The NTSB releases preliminary reports, but the full reports - including how to make sure this doesn’t happen again - can take up to a year.

One month after a Norfolk Southern train derailed in East Palestine, and after a train derailment Saturday in Springfield, state and federal authorities are investigating how and why the two trains derailed within weeks of each other.

In the Springfield derailment, 28 cars of a 212-car Norfolk Southern train overturned near the Clark County Fairgrounds. None of the cars contained hazardous materials, according to the Clark County Combined Health District.

Investigators from the National Transportation Safety Board, the agency in charge of overseeing investigations of transportation accidents, arrived on the scene Monday. Norfolk Southern is “cooperating with the NTSB,” as well as “local, state, federal resources,” the company said Monday.

Investigators have access to a wide variety of information, from electronic monitoring information to simply looking at how the cars fall when they derail, said Michael Gorman, University of Dayton professor of Business Analytics and Operations Management.

“Just like a blood spatter report at a crime scene, to get a sense for what happened,” he said. “It’s forensic work that you need to be on site for, with lots of experience.”

A full National Transportation Safety Board investigation takes about a year, but preliminary reports are typically available in 2-3 weeks, according to the agency. With minor crashes, the cause can typically be determined within that 2-3 week time period, Gorman said.

However, at the same time, state and local authorities are also typically conducting their own investigations, said Fred Millar, an Alexandria, Virginia-based independent transportation consultant.

“They look at the speed of the trains, they look at the staffing on the train,” he said. “They will look at all these different factors of workforce behavior and the metallurgy, whether there’s any evidence that there was a failure in the hot boxes.”

Hot boxes are wheel bearings on trains that can sometimes overheat and cause a derailment, Millar said.

“Sometimes they say it’s a very simple thing like a broken track, or a washed out track,” he said. “Sometimes it’s much more difficult to determine.”

Two passers-by caught video of the moment the train derailed in Springfield from different angles, one on a dash-cam, and the other on a phone video.
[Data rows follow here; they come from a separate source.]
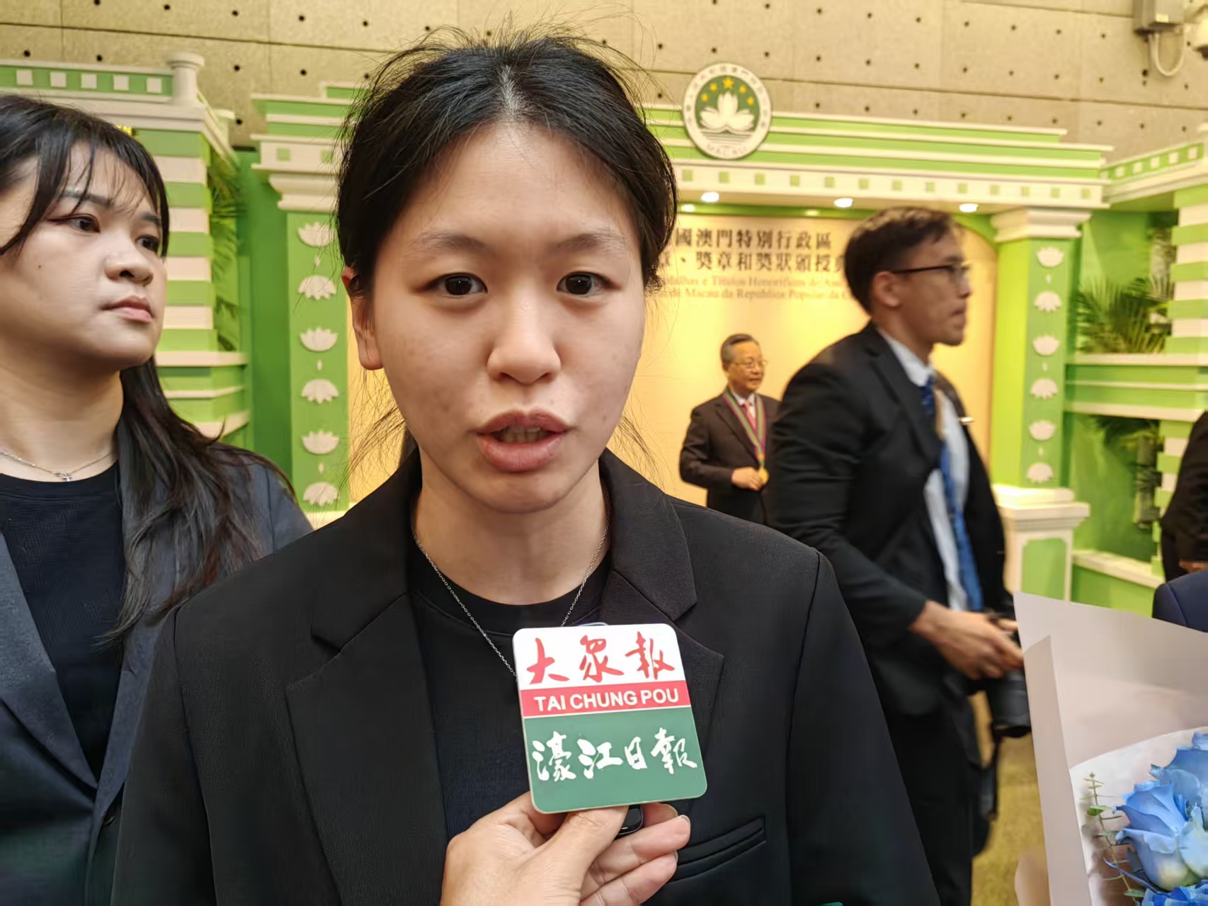作為代表上台授勳的蘇詠思受訪表示,非常感謝隊友,十分榮幸代表團隊在台上獲授予功績獎狀,強調這份榮耀屬於團隊每一個人。這項殊榮不僅是對自己多年運動生涯的肯定,更堅定了她繼續從事保齡球領域的決心。她稱,獎牌是鞭策,更是動力,激勵她們更積極訓練;她透露,與隊友正加緊訓練,力爭在今年底的世界盃上再衝世界級獎牌。個人發展方面,她計劃今年首次征戰美國保齡球職業賽事,力爭在國際賽場上展現澳門運動員的風采。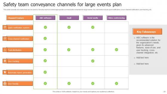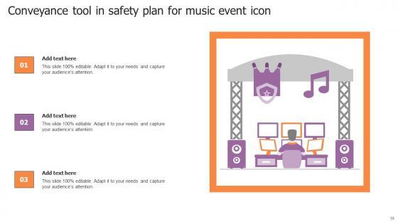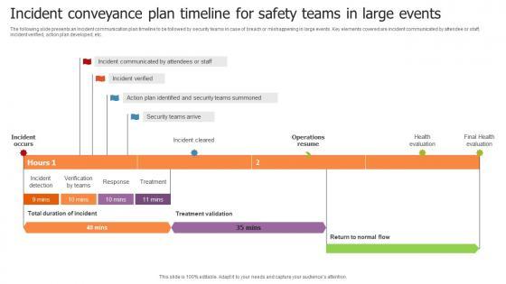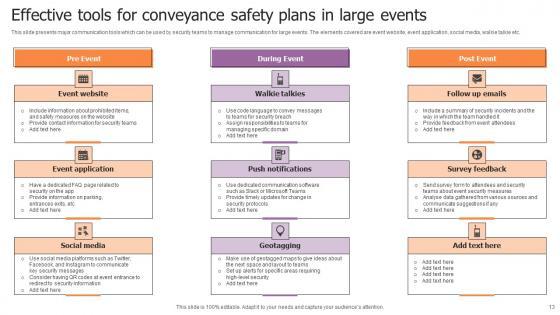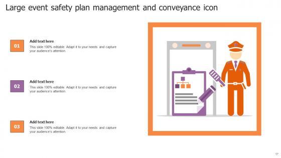 Share a great deal of information on the topic by deploying this Conveyance In Safety Plan For Large Events Ppt Powerpoint Presentation Complete Deck With Slides. Support your ideas and thought process with this prefabricated set. It includes a set of twenty one slides, all fully modifiable and editable. Each slide can be restructured and induced with the information and content of your choice. You can add or remove large content boxes as well, to make this PPT slideshow more personalized. Its high-quality graphics and visuals help in presenting a well-coordinated pitch. This PPT template is also a resourceful tool to take visual cues from and implement the best ideas to help your business grow and expand. The main attraction of this well-formulated deck is that everything is editable, giving you the freedom to adjust it to your liking and choice. Changes can be made in the background and theme as well to deliver an outstanding pitch. Therefore, click on the download button now to gain full access to this multifunctional set. Our Conveyance In Safety Plan For Large Events Ppt Powerpoint Presentation Complete Deck With Slides are topically designed to provide an attractive backdrop to any subject. Use them to look like a presentation pro.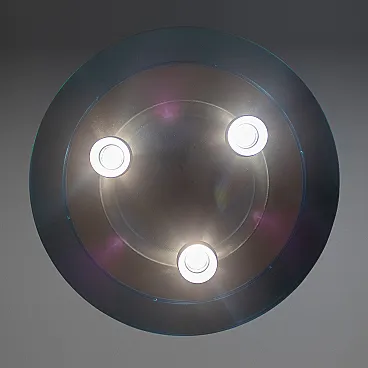 Chandelier with a refined design from the Eighties: "Aurora" model designed by Perry King and Santiago Miranda for Arteluce and which combines technical precision, refinement and stage presence.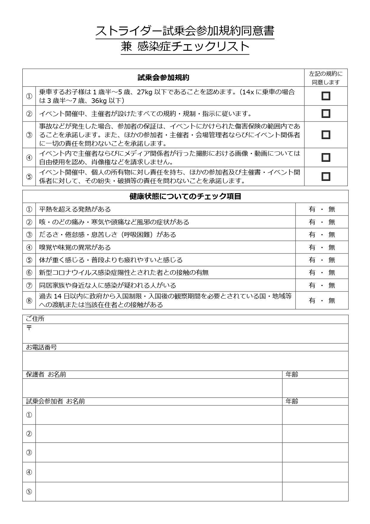 当日は受付けにて「ストライダー試乗会参加規約同意書兼感染症チェックリスト」をご記入いただきます。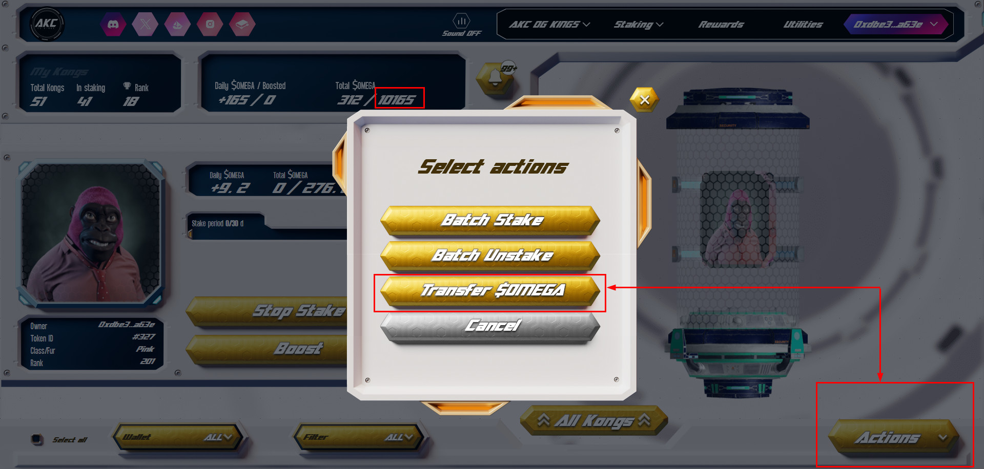 <figure><img src="https://2228328509-files.gitbook.io/~/files/v0/b/gitbook-x-prod.appspot.com/o/spaces%2FjFMTQDYa1HX29a9rQaG6%2Fuploads%2FsCUQcn0AYe1AfJr0PmVA%2Fsnap04514.jpg?alt=media&#x26;token=3cb50280-a1f4-462f-895b-3daff93cd7fa" alt=""><figcaption><p>Alternatively call Transfer $OMEGA option from the Actions on the Staking page</p></figcaption></figure>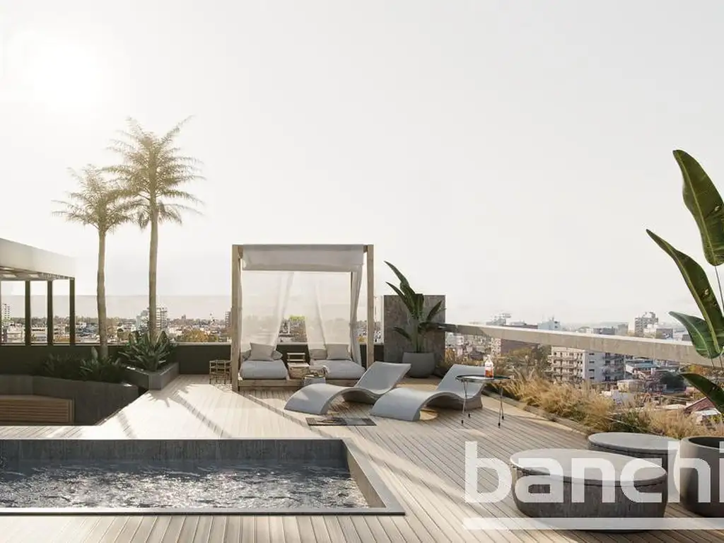 Terraza equipada con piscina para disfrutar de las tardes de sol, acompañada de un solárium, lugar de ocio, para todos. Completan la terraza el quincho cubierto y fogonero, para las reuniones sociales.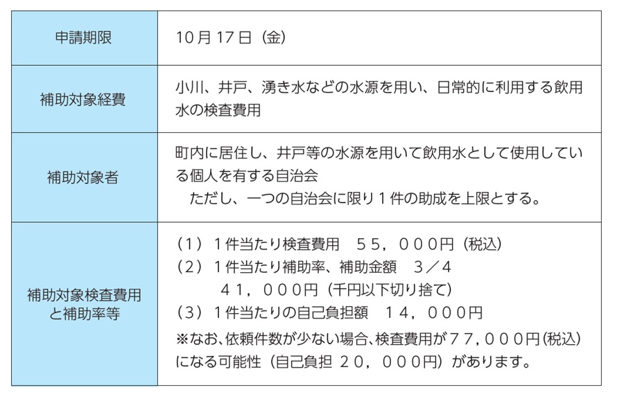 ■町簡易水道以外の飲用水をご利用の方へ 有機フッ素化合物(PFAS)検査費用を助成します
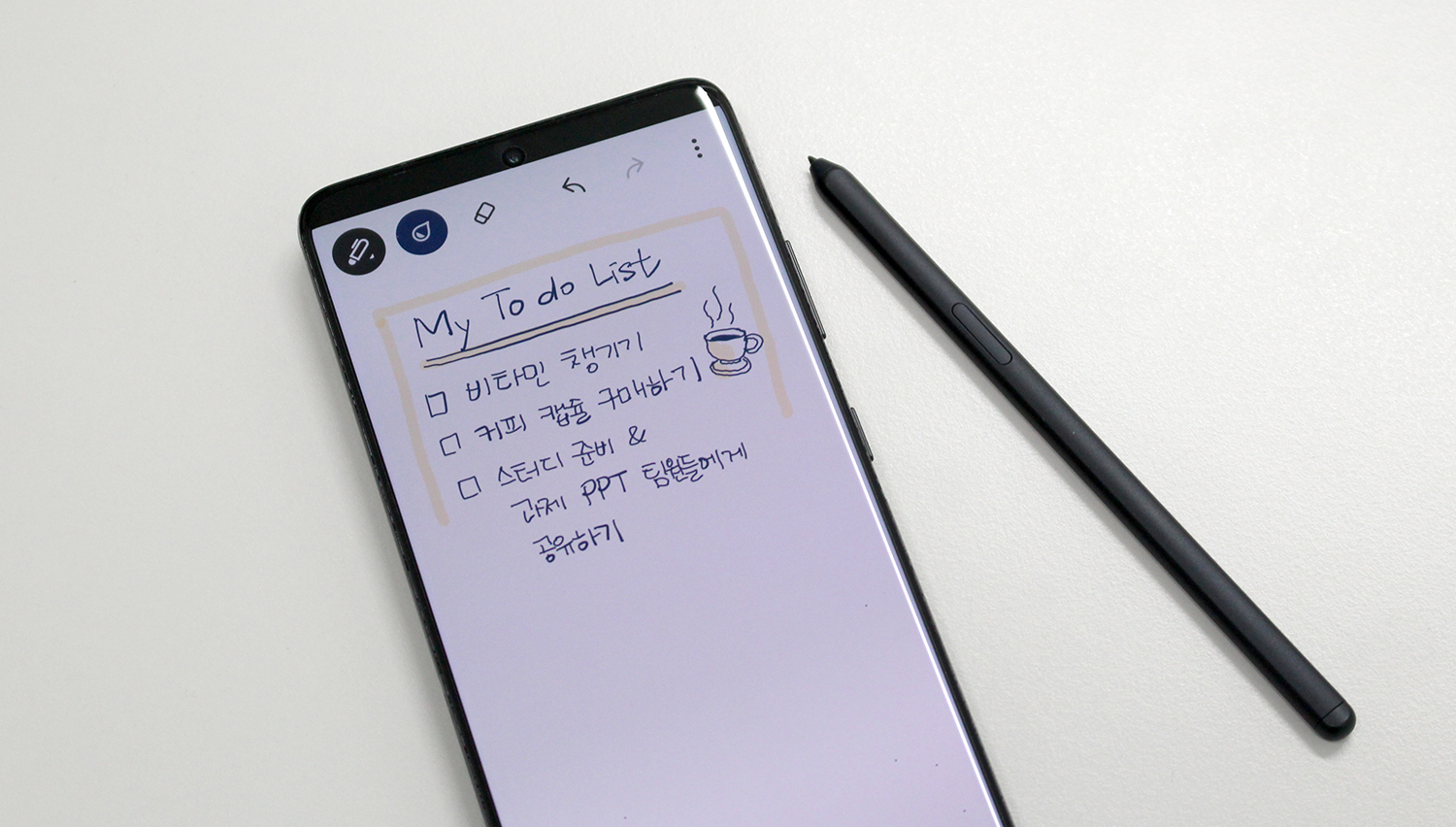 언제든지 갤럭시S21 울트라에서 빠르게 메모하고, 손쉽고 세밀하게 스케치하고 그려서 저장할 수 있습니다.

Each were from opposite sides of the track as the train came off the tracks.

Just prior to the derailment, one of the cars appears to wobble on the tracks, before popping off and bringing attached cars with it, Gorman observed from the dash-cam video. While the footage is incredibly useful to investigators, it alone is not enough to determine the true cause of the crash, he said.

It’s also possible the true cause of the crash happened miles before the moment the train lurched off the rails, Millar said.

“These trains are enormously heavy, and they can go quite a ways limping with one set of wheels not working,” he said.